As mentioned above inflation is simply a fact of life with our current financial system but if a state were to open a public bank it would be ahead of this inflationary curve instead of being behind it and constantly being in debt and having to continually take out loans from private banks ad infinitum. With a public state-owned bank states would now be able to borrow directly from this bank and therefore indirectly from the Federal Reserve and have any loans from the Fed be paid back down the road from future loans that it makes to customers exactly as a private bank does. These types of banks can even be used to provide health insurance policies or anything else that needs a capital influx such as pension funds. This solution would not be cost neutral it would actually be cost positive meaning there would be a constant surplus in a state’s budget. The possibilities from such a system are endless and it is time that we start getting to work to fix the problems that we face in this country. This would be a major first step in that direction. THANK YOU
(1)- This is the case even with just its customer obligations let alone what it owes to the Central Bank.

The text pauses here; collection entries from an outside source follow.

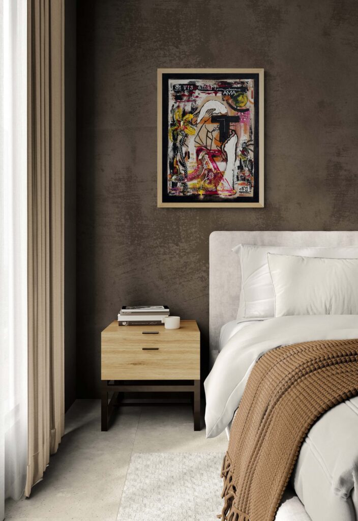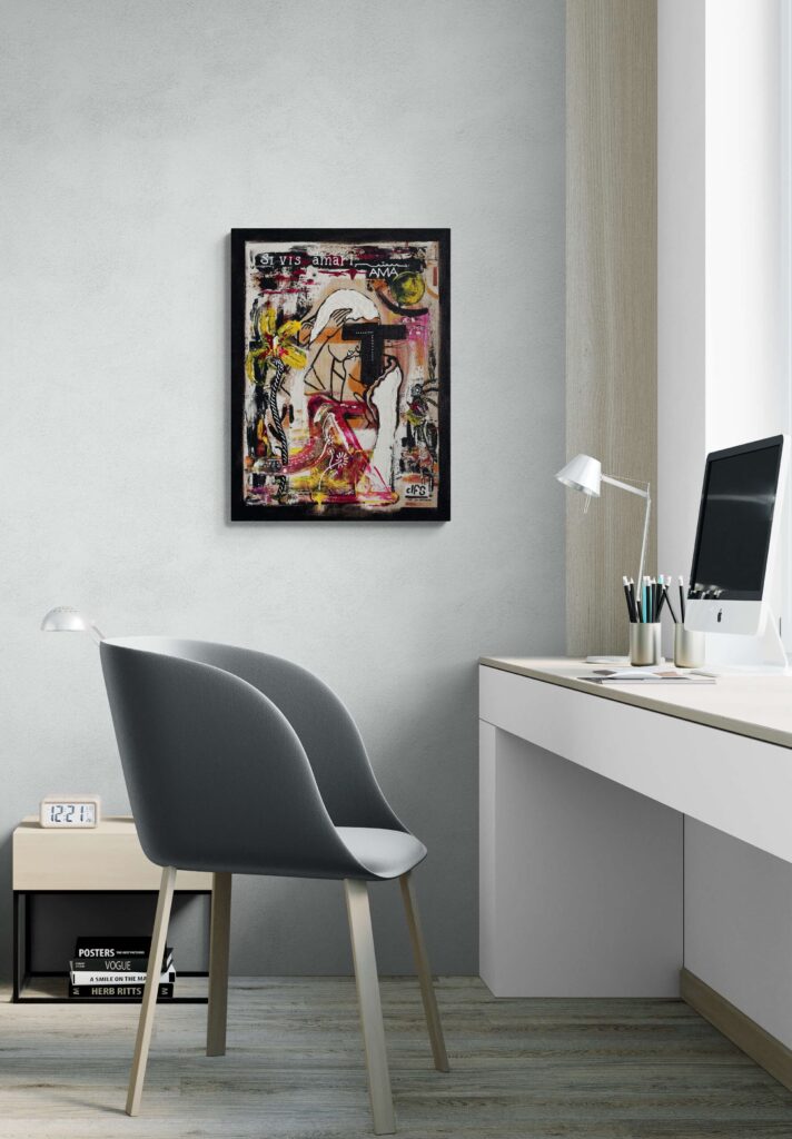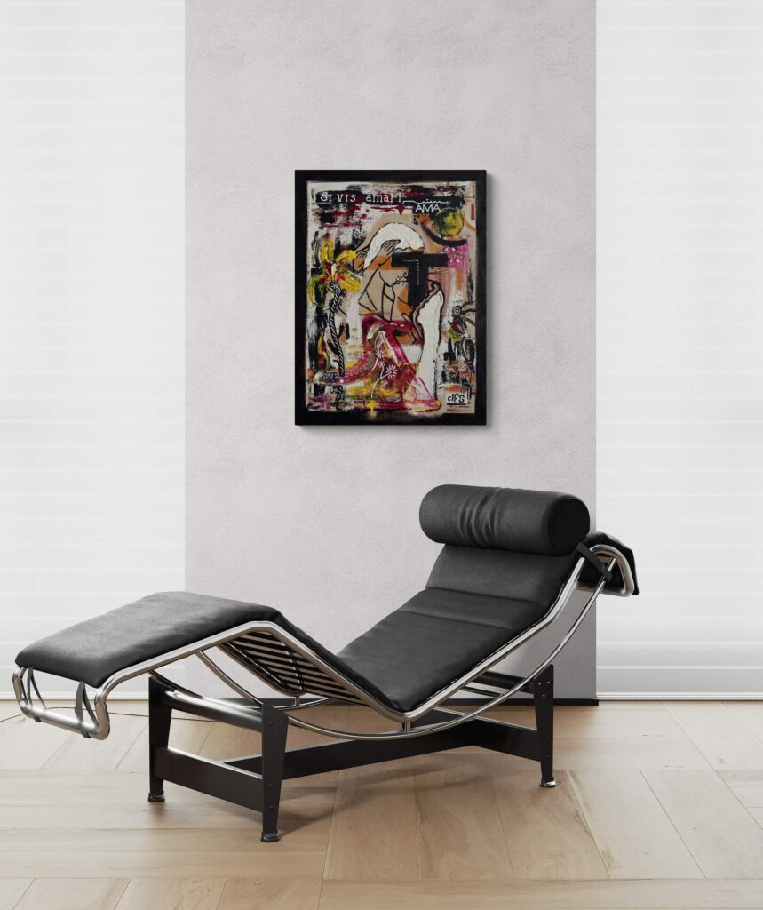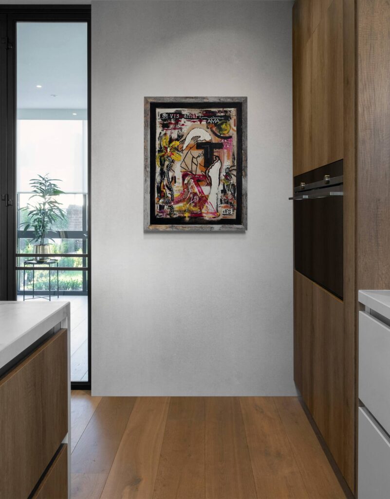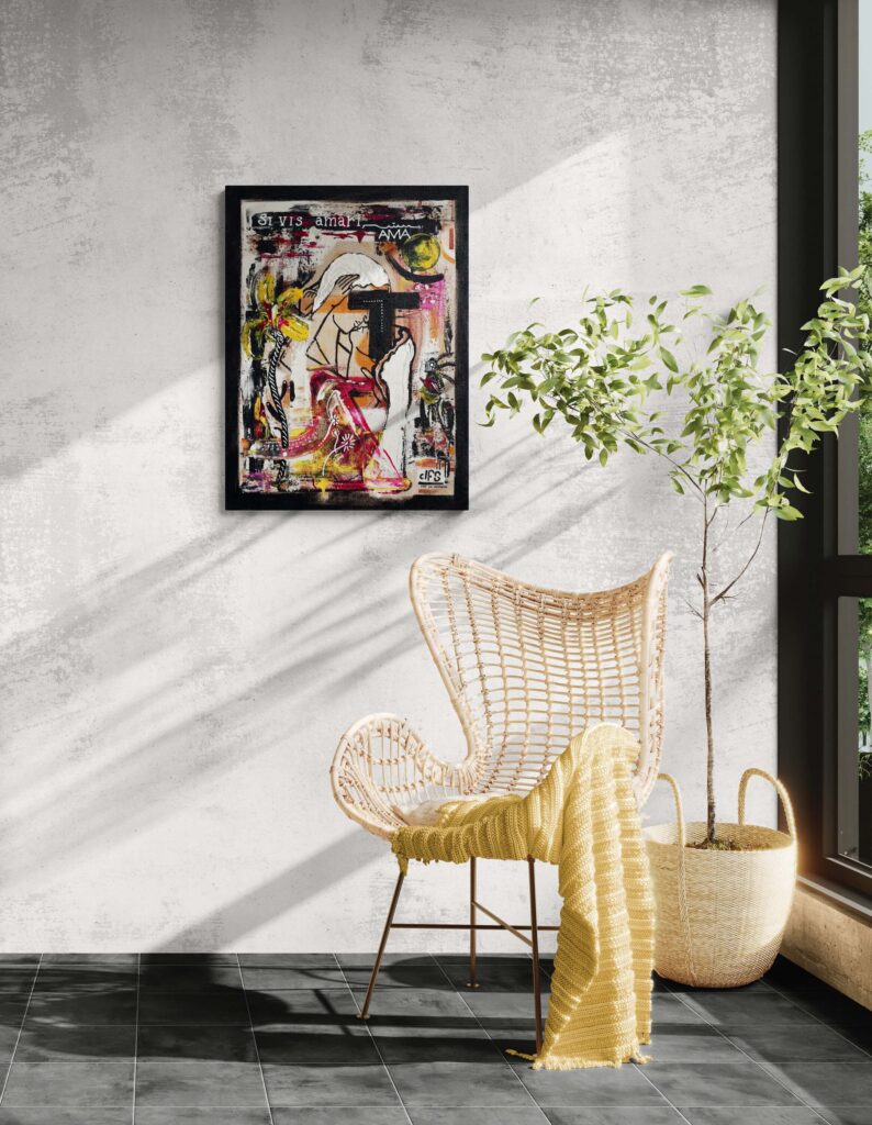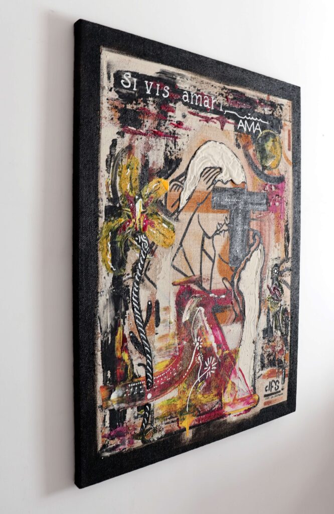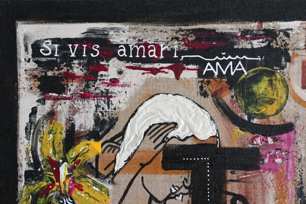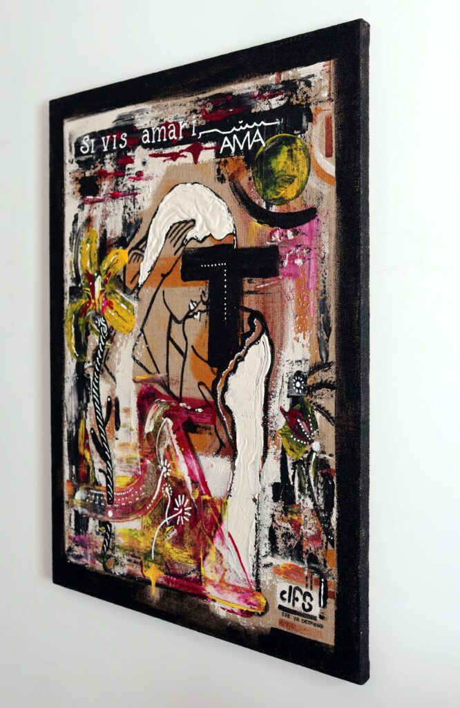 Il titolo di questa opera rappresenta un invito antico quanto l’uomo, inciso nel colore e nella materia: “Se vuoi essere amato, ama.”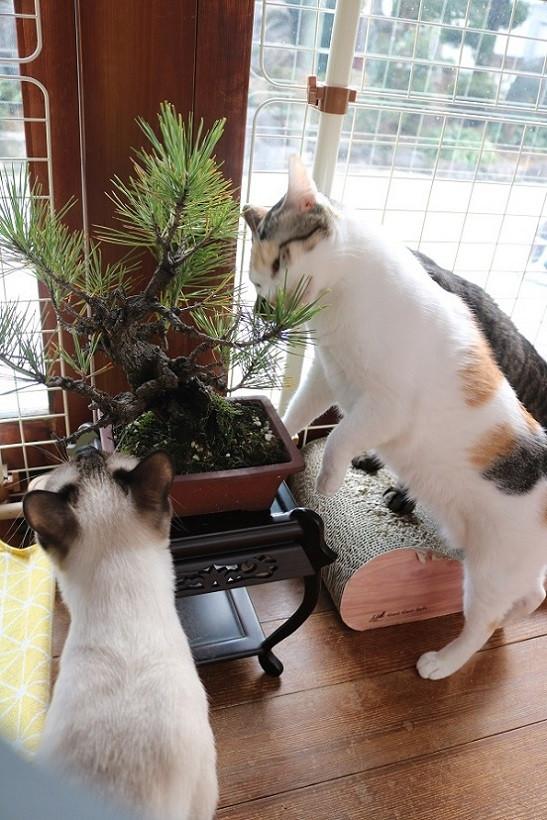 お正月にミニ盆栽の松を縁側に置くと集まる猫たち・・・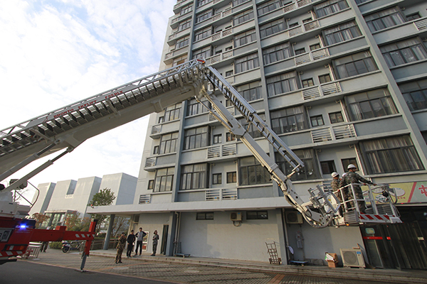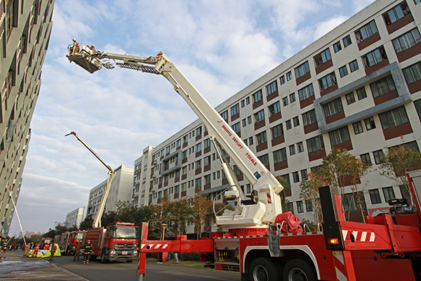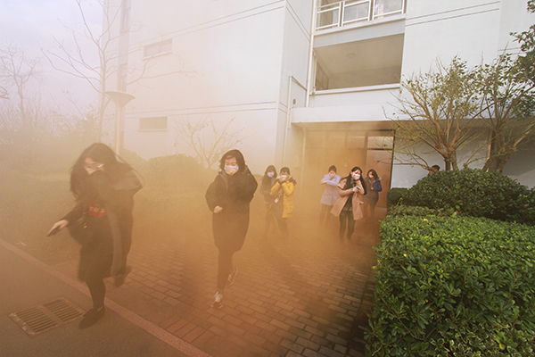 当天下午,演练活动正式开始:杭州湾校区四号学生公寓某寝室“因电路短板”发生“火情”。 “火势”较大,无法扑灭,数名学生被困寝室。公寓值班老师迅速向行政总值班及保卫处值班人员报告“火情”,校区立即启动消防应急预案。参加逃生疏散演练的学生在辅导员、宿管员的引导下用湿毛巾捂住口鼻,弯腰从“火灾”现场按楼层有序撤离。与此同时,杭州湾跨海大桥消防中队在接警后,火速赶到“火灾”现场,通过消防云梯、高压水枪、救生气垫等设备控制“火情”、“营救”被困学生。当最后一名被困学生被成功施救,现场爆发了热烈掌声。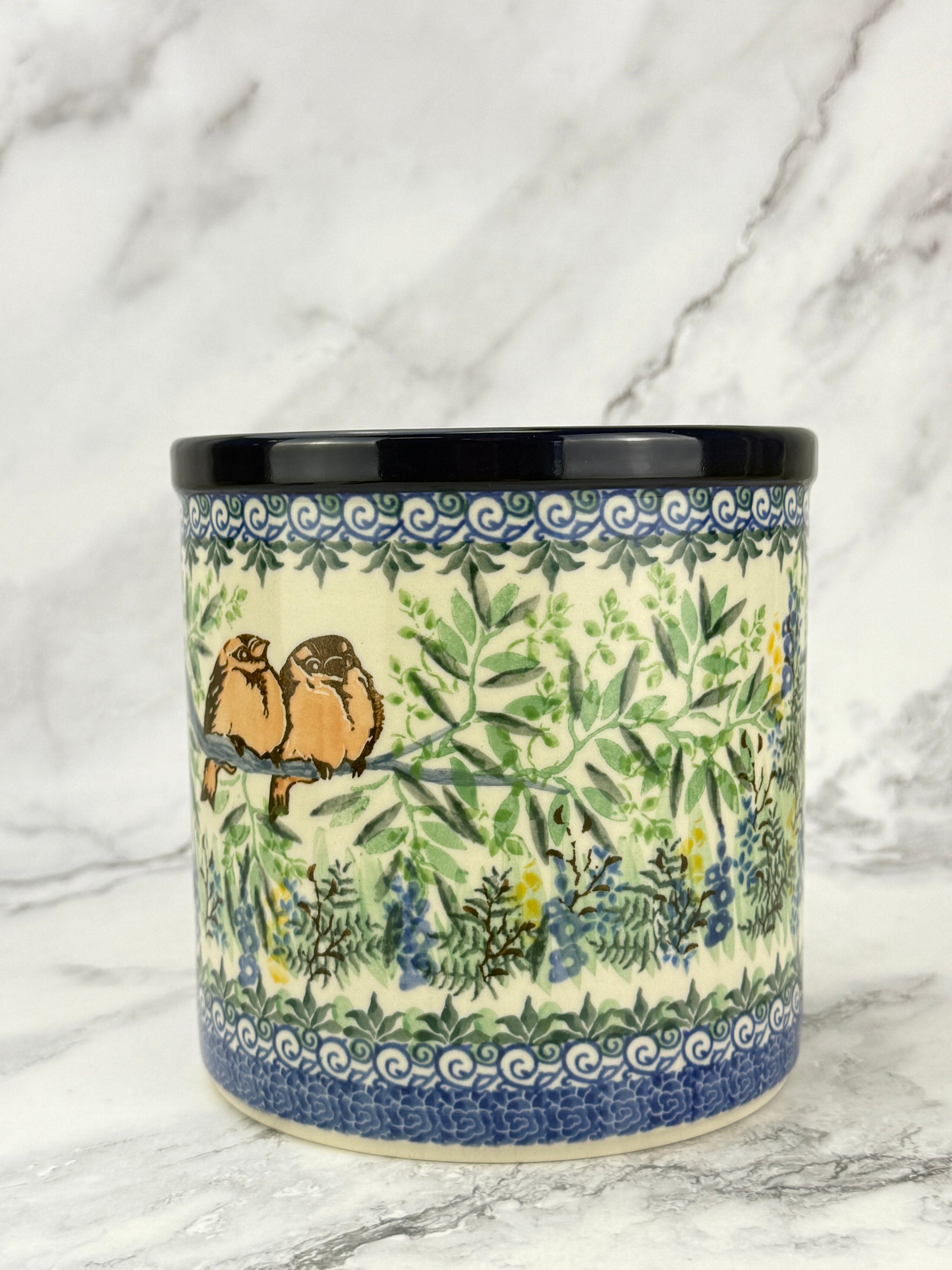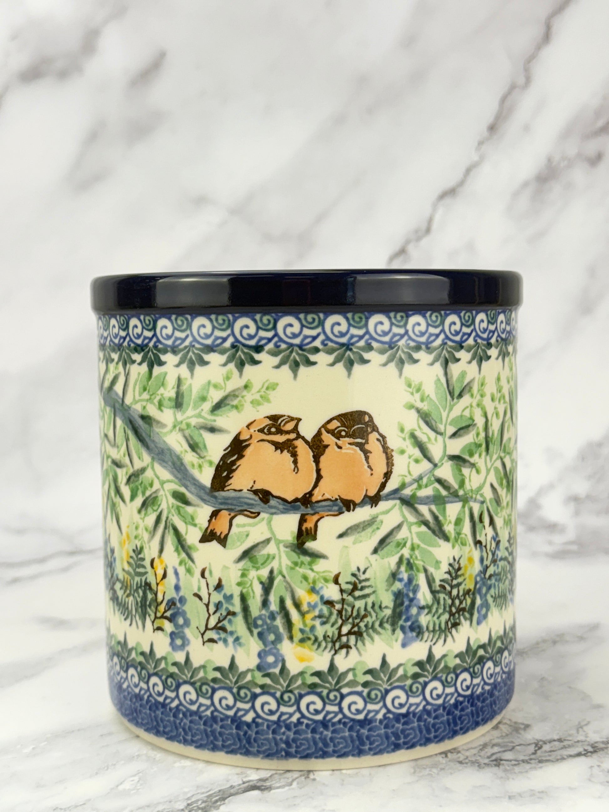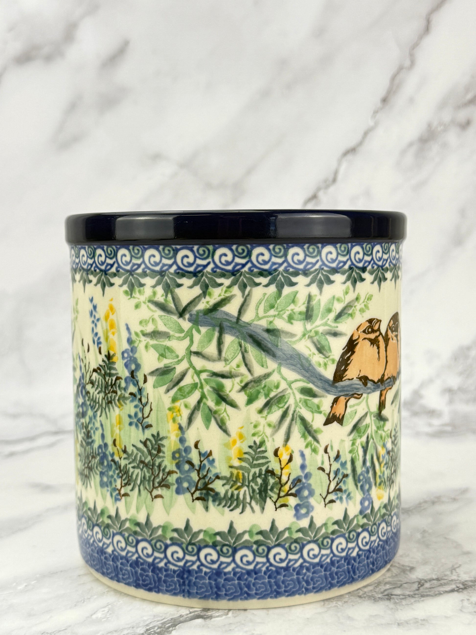 This hand-painted utensil crock is a multi-functional item perfect for storing utensils, using as a planter or wine cooler. Its unique design and quality craftsmanship make an attractive addition to your kitchen.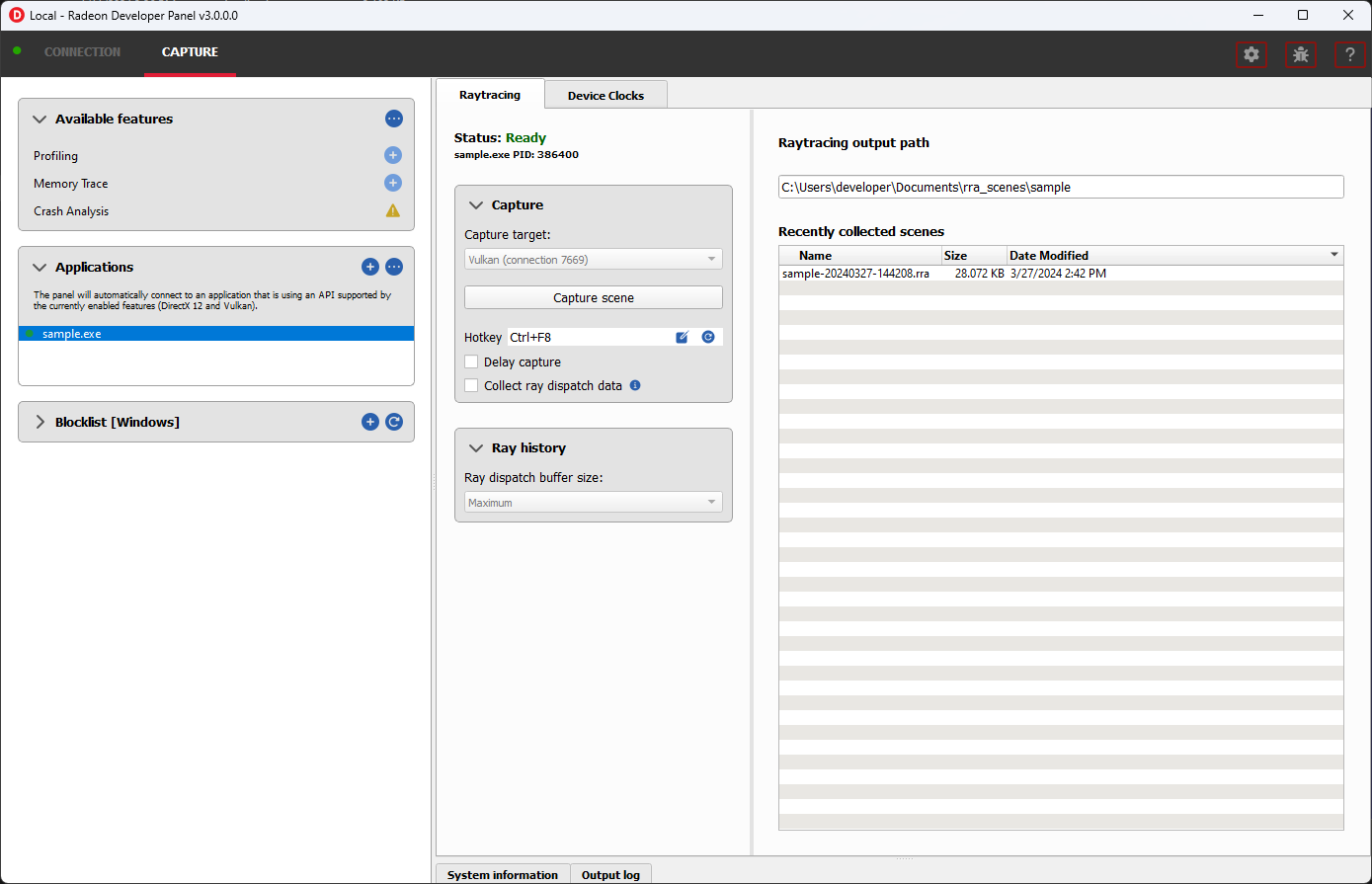 此功能支持捕获光线追踪场景,以在 Radeon Raytracing Analyzer 中查看。

(2)- And these loans that they make is with money they essentially never actually have and in some cases this repayment to the Central Bank can even include future loans that they take out from the Central Bank!
(3)- This is not to say that this is necessarily ethically objectionable. Such a system could be ethically sound so long as you have a return on this debt creation. This is what wealth creation is all about. All things being equal this is currently not happening but with a public bank that invested responsibly in public works as outlined in this paper it could be.
(4)- North Dakota does in fact have such a public bank but it is not used to its maximum potential. For example it is not F.D.I.C. insured.